> _Information_:
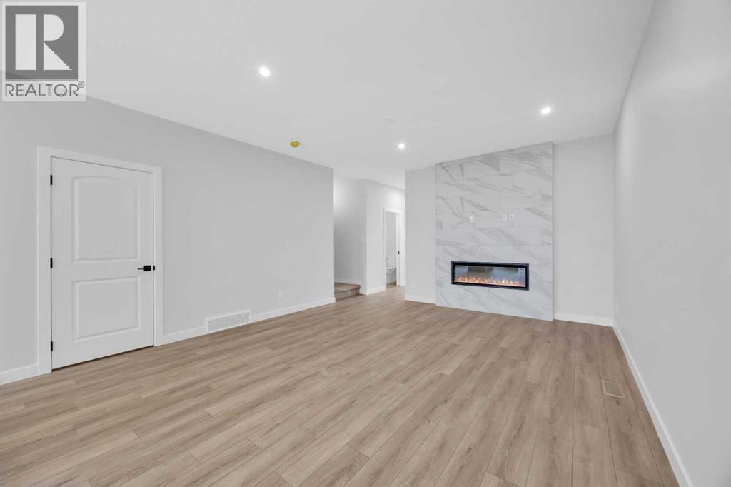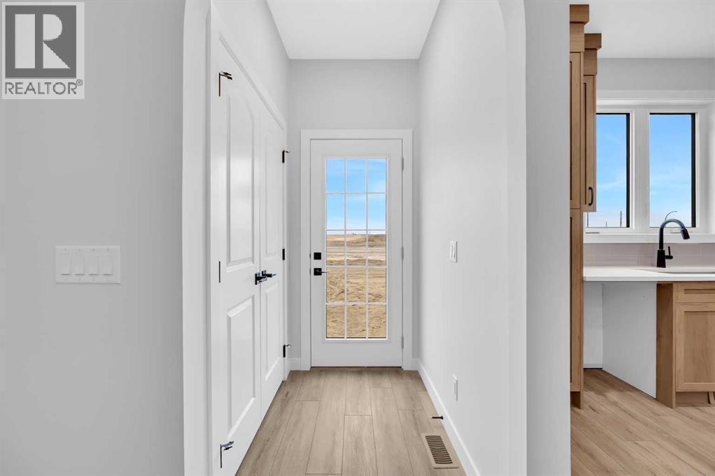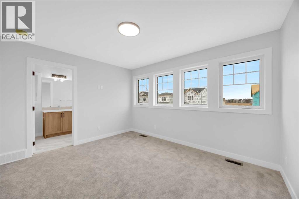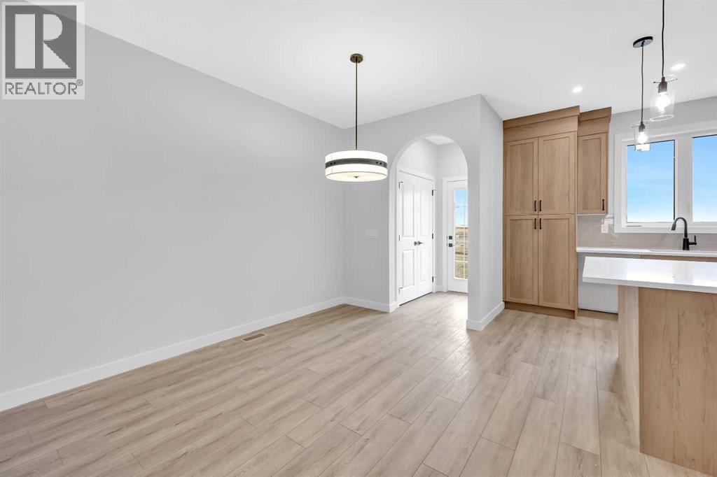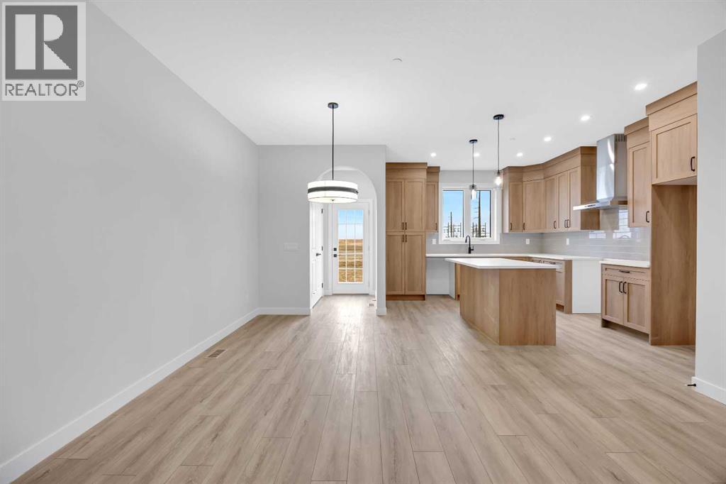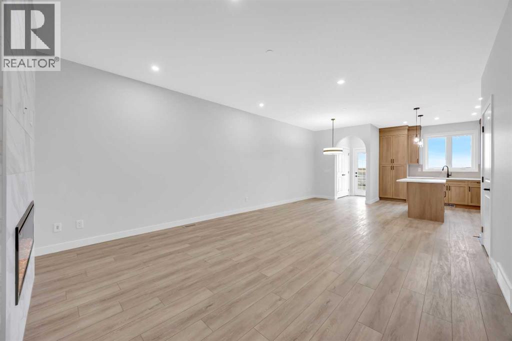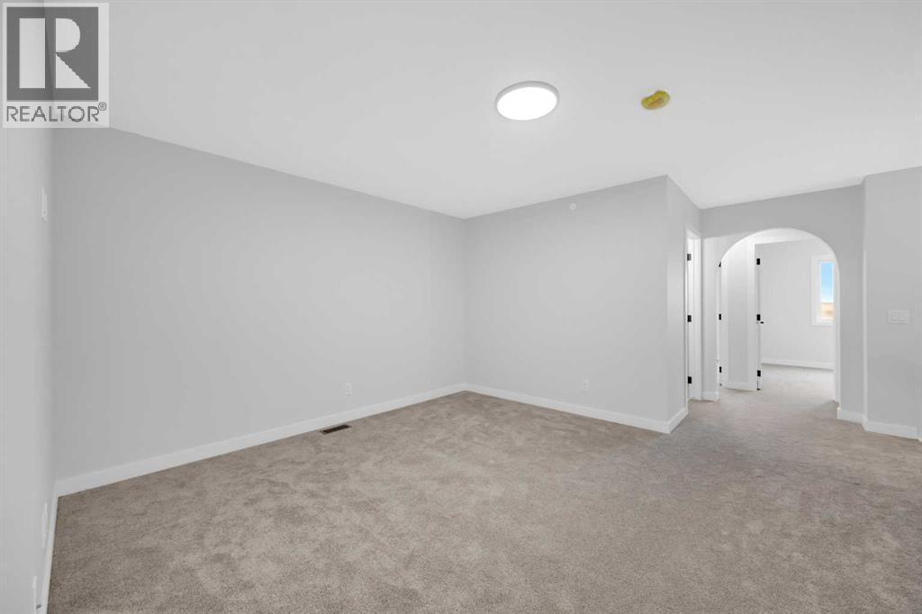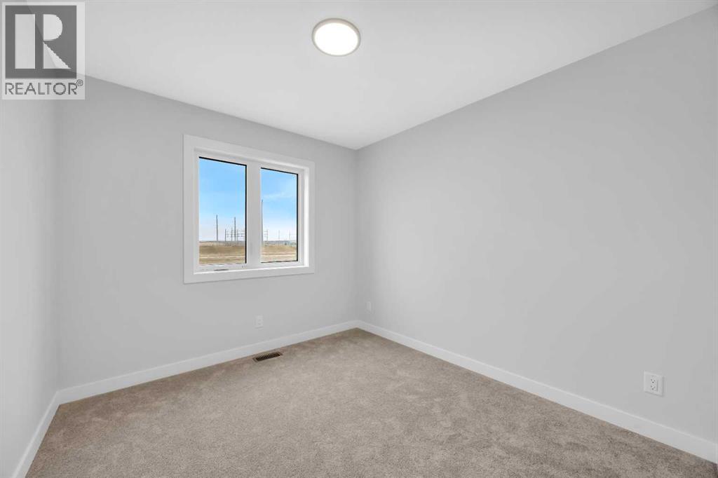 Welcome to the Elliot by Broadview Homes, a thoughtfully designed new construction home in the southeast Calgary community of Hotchkiss. Offering 1,877 square feet above grade, this brand new home in SE Calgary features a main floor flex room, separate side entrance, upper-level bonus room, walk-in closets in every bedroom, and a functional layout designed for modern family living. Step inside to a versatile front flex space, ideal for a home office, playroom, study area, or quiet workspace. The main level offers an open-concept design with a bright central kitchen complete with a large island, ample cabinetry, and excellent flow into the dining area. The spacious great room is ideal for relaxing or entertaining and is highlighted by an electric fireplace with stunning floor-to-ceiling tile detail that creates a stylish focal point. A convenient powder room and practical rear entry with a generous closet complete the main floor. The separate side entrance adds convenience and flexibility for future possibilities. Upstairs, the layout is both smart and family-friendly. Two secondary bedrooms, each with their own walk-in closet, are separated by a central bonus room that works beautifully as a media room, homework zone, play area, or second lounge. A dedicated upper floor laundry room adds everyday convenience. The primary suite offers a private retreat with an oversized walk-in closet and a spacious 5-piece ensuite featuring dual sinks and a tub/shower combination. Located in Hotchkiss SE Calgary, one of Calgary’s newest master-planned communities, residents enjoy scenic pathways, parks, open green spaces, and a planned 30-acre wetland designed to connect the community with nature. With quick access to Stoney Trail and Highway 22X, commuting to Seton, South Health Campus, the YMCA, shopping, restaurants, and other major amenities is simple. This is an excellent opportunity to own a brand new Broadview home in southeast Calgary with modern design, flexible living spac e, and strong value in a growing community. (id:51989)
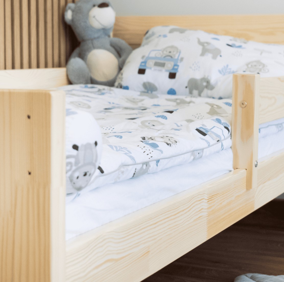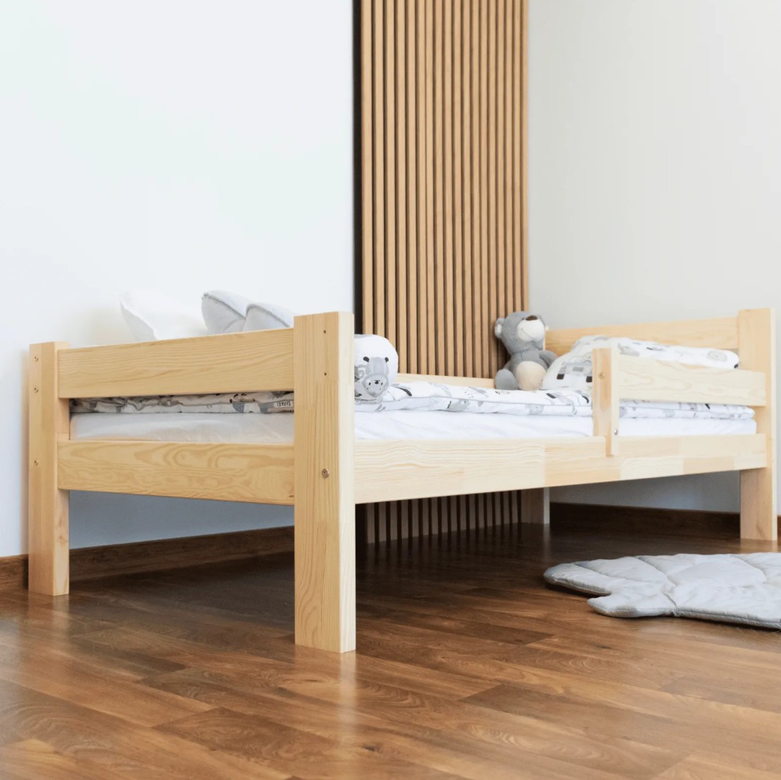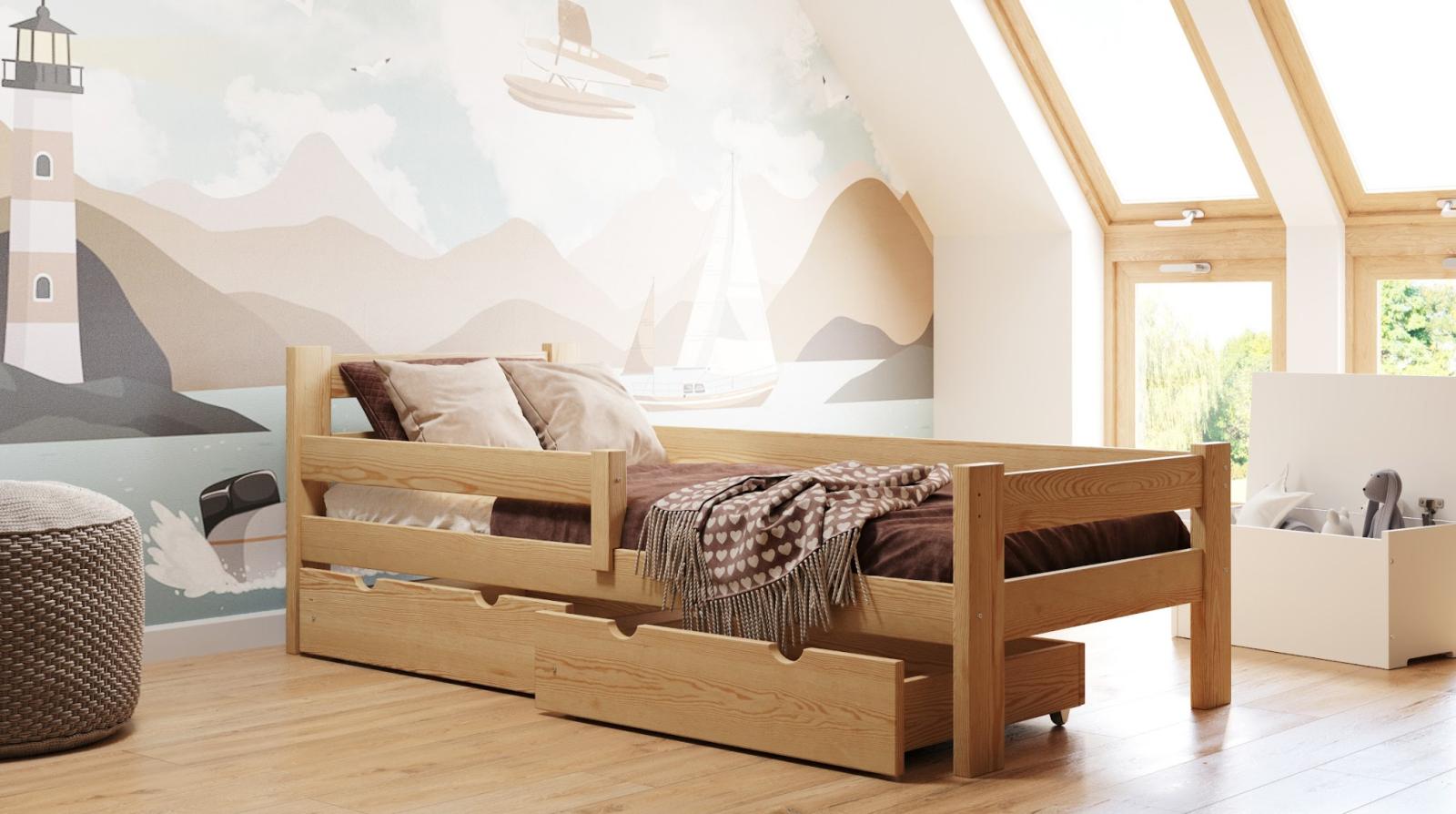 Postel je vyrobena z vysoce kvalitního borovicového dřeva se zvýšenou nosností až na 100 kg. Konstrukce postele je uzpůsobena tak, aby zabránila pádu dítěte, a to díky ochranným bariérám. Vaše dítě se tak bude cítit v klidu a bezpečí. Součástí postele je pevná ochranná bariéra, která lze namontovat k čelu postele jak z pravé strany, tak i z levé strany. Dětská postel zaujme svým krásným vzhledem a vytváří tak komplexní prvek, který se bude vyjímat v každém dětském pokoji.
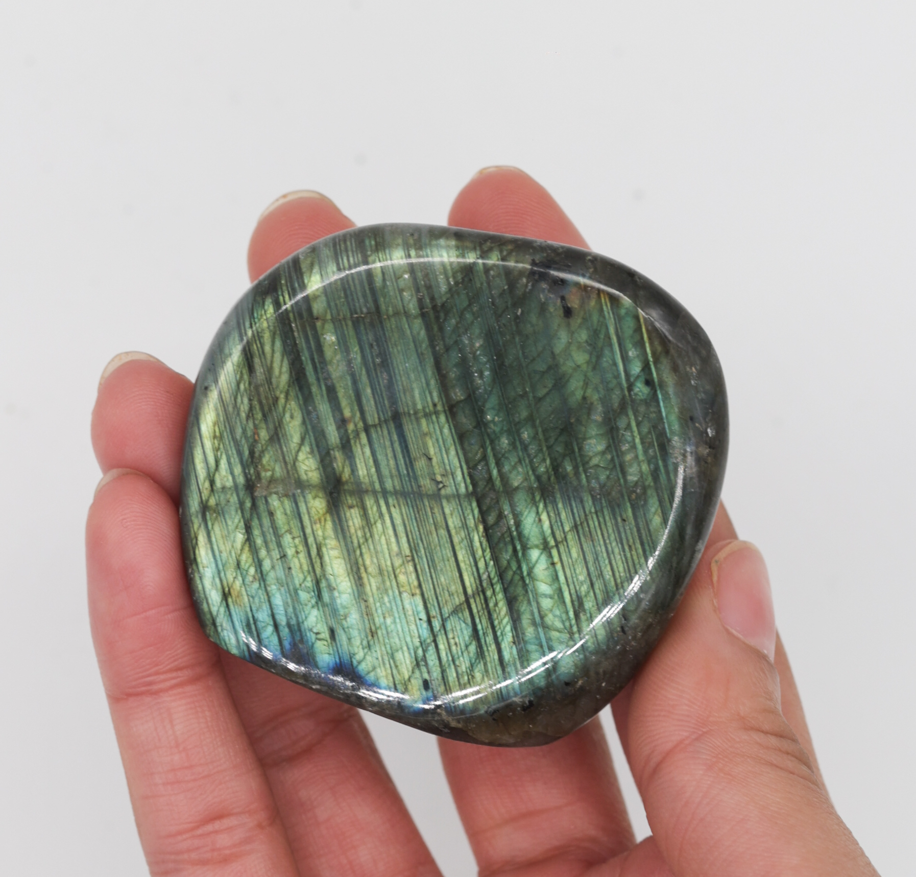 Pièce unique – Labradorite forme libre – reflets verts flash – qualité extra
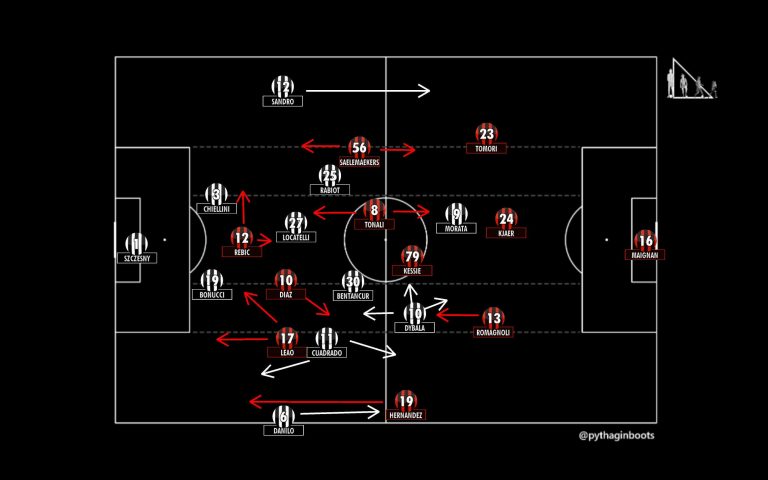 One of the benefits to movements like these is that they surprise the defending team. By the time Kessie has played the pass to Tomori and began his run, Tonali and Rebic are already moving to the space they expect to be left vacant by Kessie’s marker. The attacking team will always have a head start. Should Juventus become aware of this, they would have Locatelli forgo his man-marking so that they could defend the space that would otherwise be available.
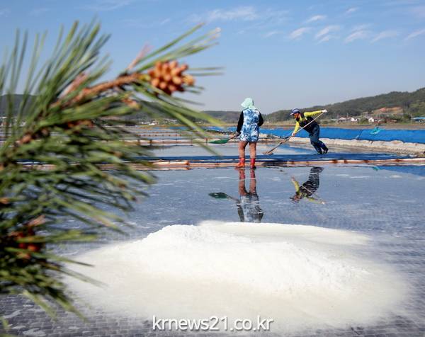 - 천일염전에 송홧가루가 날려 와 쌓이면서 지역 특산품인 명품 송화소금이 본격적인 생산에 돌입했다.

> _Exercise instructions_: Only the pictures are to be left out, and all of the data must otherwise be transcribed exactly.

> _Result of the task_:
 Welcome to the Elliot by Broadview Homes, a thoughtfully designed new construction home in the southeast Calgary community of Hotchkiss. Offering 1,877 square feet above grade, this brand new home in SE Calgary features a main floor flex room, separate side entrance, upper-level bonus room, walk-in closets in every bedroom, and a functional layout designed for modern family living. Step inside to a versatile front flex space, ideal for a home office, playroom, study area, or quiet workspace. The main level offers an open-concept design with a bright central kitchen complete with a large island, ample cabinetry, and excellent flow into the dining area. The spacious great room is ideal for relaxing or entertaining and is highlighted by an electric fireplace with stunning floor-to-ceiling tile detail that creates a stylish focal point. A convenient powder room and practical rear entry with a generous closet complete the main floor. The separate side entrance adds convenience and flexibility for future possibilities. Upstairs, the layout is both smart and family-friendly. Two secondary bedrooms, each with their own walk-in closet, are separated by a central bonus room that works beautifully as a media room, homework zone, play area, or second lounge. A dedicated upper floor laundry room adds everyday convenience. The primary suite offers a private retreat with an oversized walk-in closet and a spacious 5-piece ensuite featuring dual sinks and a tub/shower combination. Located in Hotchkiss SE Calgary, one of Calgary’s newest master-planned communities, residents enjoy scenic pathways, parks, open green spaces, and a planned 30-acre wetland designed to connect the community with nature. With quick access to Stoney Trail and Highway 22X, commuting to Seton, South Health Campus, the YMCA, shopping, restaurants, and other major amenities is simple. This is an excellent opportunity to own a brand new Broadview home in southeast Calgary with modern design, flexible living spac e, and strong value in a growing community. (id:51989)
 Postel je vyrobena z vysoce kvalitního borovicového dřeva se zvýšenou nosností až na 100 kg. Konstrukce postele je uzpůsobena tak, aby zabránila pádu dítěte, a to díky ochranným bariérám. Vaše dítě se tak bude cítit v klidu a bezpečí. Součástí postele je pevná ochranná bariéra, která lze namontovat k čelu postele jak z pravé strany, tak i z levé strany. Dětská postel zaujme svým krásným vzhledem a vytváří tak komplexní prvek, který se bude vyjímat v každém dětském pokoji.
 Pièce unique – Labradorite forme libre – reflets verts flash – qualité extra
 One of the benefits to movements like these is that they surprise the defending team. By the time Kessie has played the pass to Tomori and began his run, Tonali and Rebic are already moving to the space they expect to be left vacant by Kessie’s marker. The attacking team will always have a head start. Should Juventus become aware of this, they would have Locatelli forgo his man-marking so that they could defend the space that would otherwise be available.
 - 천일염전에 송홧가루가 날려 와 쌓이면서 지역 특산품인 명품 송화소금이 본격적인 생산에 돌입했다.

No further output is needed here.